* Task description
Your answer must be an exact copy of the listing, with the images left out.

* Stored data
============
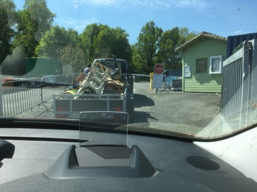 Is it different in France, well yes, firstly you have to be allowed through the barrier, after some time the operative will approach your car and demand to see what you have loaded within. This is greeted with a look of horror, much pursing of the lips, shaking of the head, a shrug of shoulders and a long pffffff, before deigning to open the barrier and point you in the direction of the correct skip, woe betide you if you have a mixture of items this can cause a melt down.
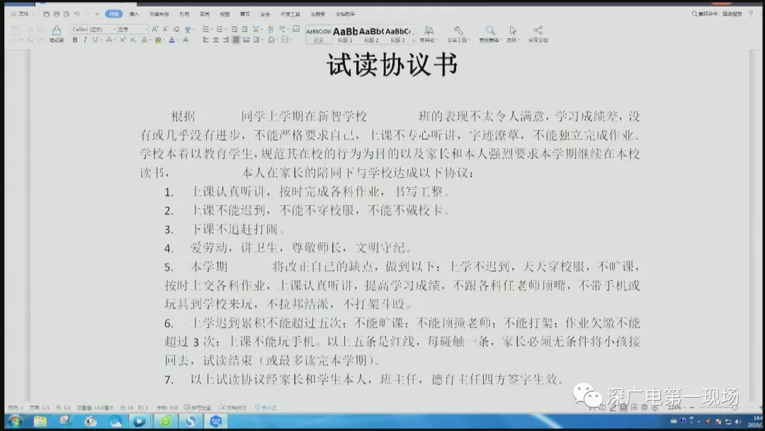 這份《試讀協(xié)議書》的大概內(nèi)容如下:由于某某同學上學期表現(xiàn)不令人滿意,學習成績差,沒有或幾乎沒有進步,不能嚴格要求自己。學生在家長的陪同下與學校達成以下協(xié)議。協(xié)議第六條注明:上學遲到累計不能超過5次;不能曠課;不能頂撞老師;不能打架;作業(yè)欠繳不能超過3次;上課不能玩手機。以上條款是紅線,每觸碰一條,家長必須無條件將小孩接回去,試讀結(jié)束?;蛘咦疃嘧x完本學期。
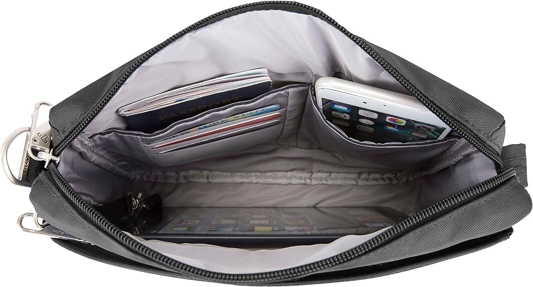 Полная защита от кражи, включая запирающиеся отделения, устойчивую к порезам конструкцию и устойчивый к порезам регулируемый ремень.
============
* Answer box
 Is it different in France, well yes, firstly you have to be allowed through the barrier, after some time the operative will approach your car and demand to see what you have loaded within. This is greeted with a look of horror, much pursing of the lips, shaking of the head, a shrug of shoulders and a long pffffff, before deigning to open the barrier and point you in the direction of the correct skip, woe betide you if you have a mixture of items this can cause a melt down.
 這份《試讀協(xié)議書》的大概內(nèi)容如下:由于某某同學上學期表現(xiàn)不令人滿意,學習成績差,沒有或幾乎沒有進步,不能嚴格要求自己。學生在家長的陪同下與學校達成以下協(xié)議。協(xié)議第六條注明:上學遲到累計不能超過5次;不能曠課;不能頂撞老師;不能打架;作業(yè)欠繳不能超過3次;上課不能玩手機。以上條款是紅線,每觸碰一條,家長必須無條件將小孩接回去,試讀結(jié)束?;蛘咦疃嘧x完本學期。
 Полная защита от кражи, включая запирающиеся отделения, устойчивую к порезам конструкцию и устойчивый к порезам регулируемый ремень.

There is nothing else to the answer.